Intel's optimization manual 3.5.1.1 says [2]:
"""
The INC and DEC instructions modify only a subset of the bits in the
flag register. This creates a dependence on all previous writes of
the flag register. This is especially problematic when these
instructions are on the critical path because they are used to change
an address for a load on which many other instructions depend.
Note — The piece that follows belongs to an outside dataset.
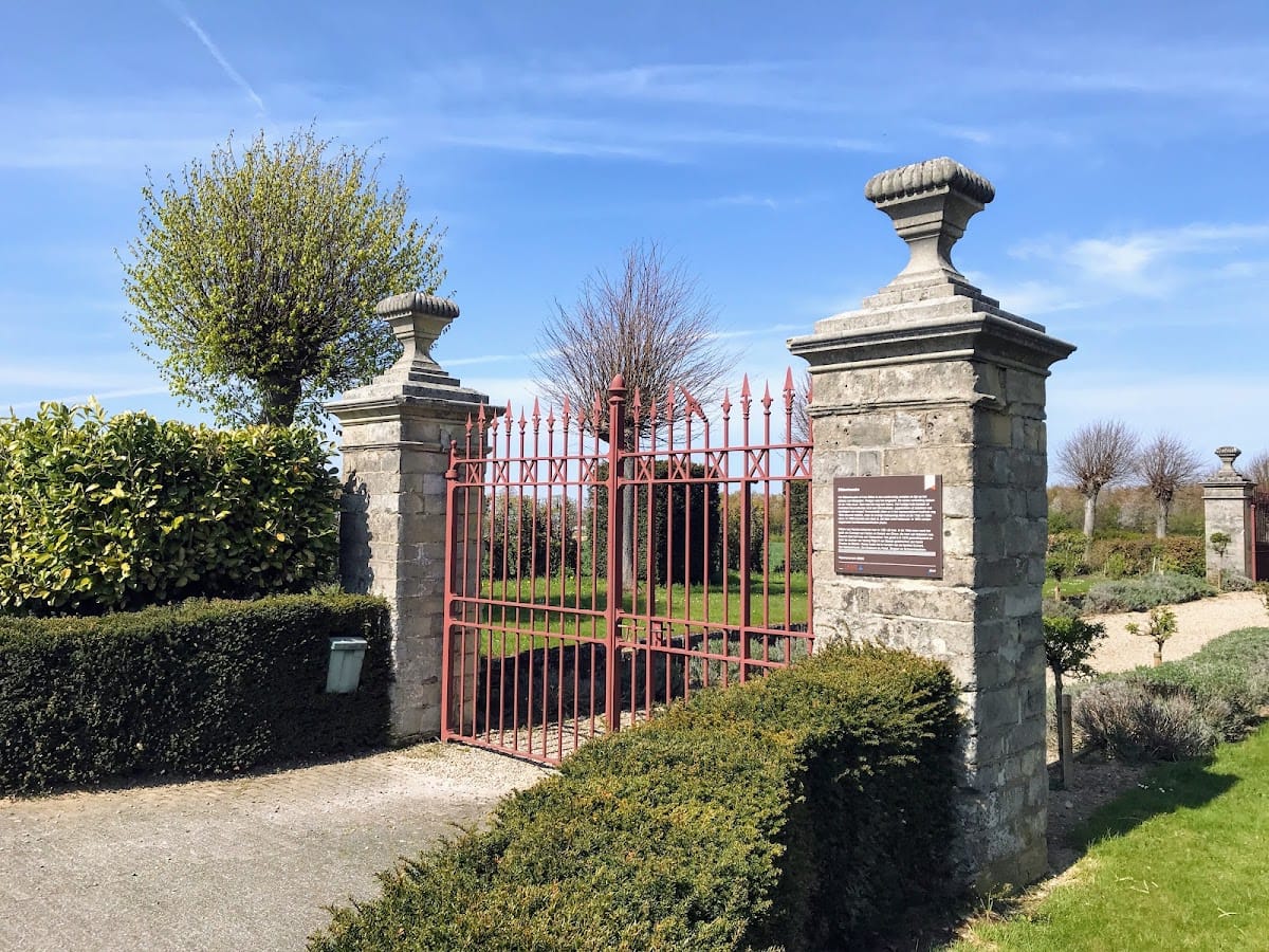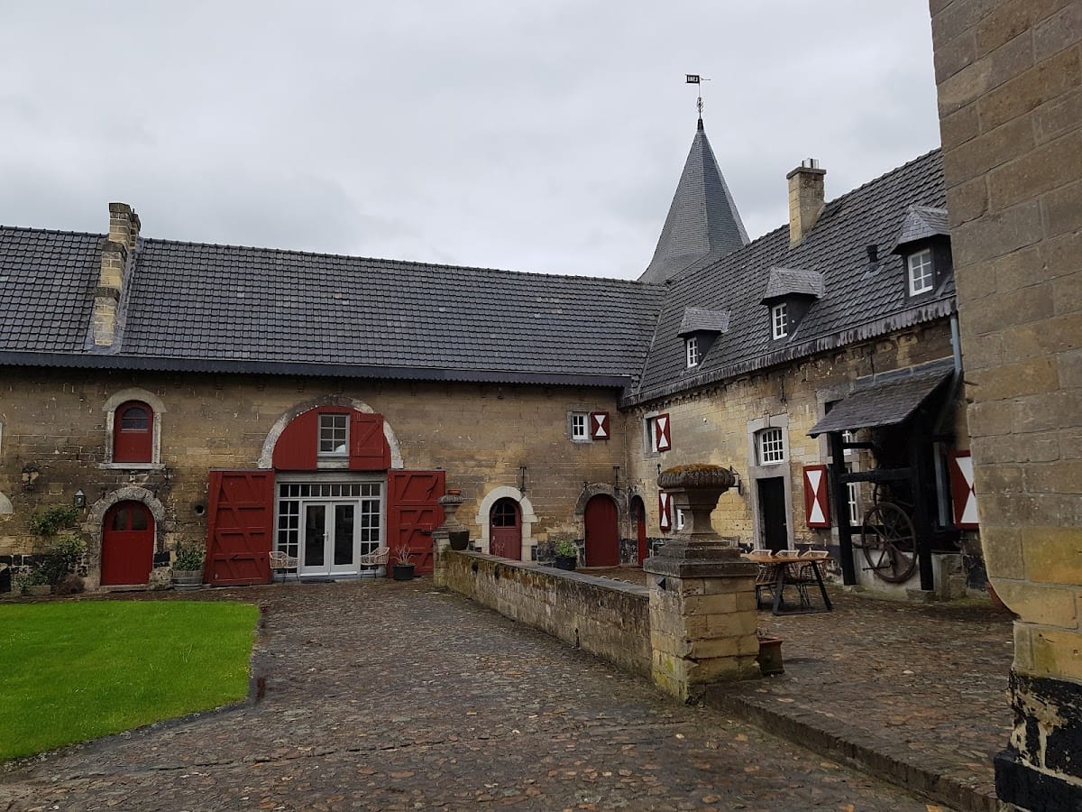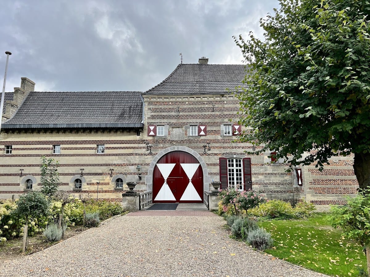 A decorative console frieze runs beneath the eaves of the main residence, reflecting the stylistic details of the period. The farm buildings suffered extensive damage in a fire in 1935 but were reconstructed using the same local marlstone blocks, maintaining the traditional material palette. The northwest wing, which includes the main entrance gate, dates from the 17th or 18th century. Above this gate is a carved stone showing the alliance coat of arms from 1704, symbolizing the union of the De Chalmot du Portal and Van Volckershove families who once occupied the property.

Assembly/Compiler Coding Rule 33. (M impact, H generality) INC and DEC
instructions should be replaced with ADD or SUB instructions, because
ADD and SUB overwrite all flags, whereas INC and DEC do not, therefore
creating false dependencies on earlier instructions that set the flags.
"""
Newer compilers also do it for generic x86-64 CPU (https://godbolt.org/z/rjsfbdx54).
# C code:
int fy_inc(int a, int b, int c)
{
a++; b++; c++;
return a * b * c;
}
# ASM
## GCC 4.1.2 and older use INC (old).
fy_inc:
incl %edi
incl %esi
leal 1(%rdx), %eax
imull %esi, %edi
imull %edi, %eax
ret
## GCC 4.4.7 to GCC 11.2 use ADD (new).
fy_inc:
addl $1, %edi
addl $1, %esi
addl $1, %edx
imull %esi, %edi
movl %edi, %eax
imull %edx, %eax
ret
## Clang 5.0.2 and older use INC (old).
fy_inc:
incl %edi
leal 1(%rsi), %eax
imull %edi, %eax
incl %edx
imull %edx, %eax
retq
## Clang 6.0.0 to Clang 13.0.1 use ADD (new).
fy_inc:
addl $1, %edi
leal 1(%rsi), %eax
imull %edi, %eax
addl $1, %edx
imull %edx, %eax
retq
[1]: https://www.agner.org/optimize/optimizing_assembly.pdf
[2]: https://www.intel.com/content/dam/www/public/us/en/documents/manuals/64-ia-32-architectures-optimization-manual.pdf
Signed-off-by: Ammar Faizi <[email protected]>
---
Ammar Faizi (2):
x86/include/asm: Avoid using INC and DEC instructions on hot paths
x86/lib: Avoid using INC and DEC instructions on hot paths
arch/x86/include/asm/xor_32.h | 16 ++++++++--------
arch/x86/lib/copy_mc_64.S | 14 +++++++-------
arch/x86/lib/copy_user_64.S | 26 +++++++++++++-------------
arch/x86/lib/memset_64.S | 6 +++---
arch/x86/lib/string_32.c | 20 ++++++++++----------
arch/x86/lib/strstr_32.c | 4 ++--
arch/x86/lib/usercopy_64.c | 12 ++++++------
7 files changed, 49 insertions(+), 49 deletions(-)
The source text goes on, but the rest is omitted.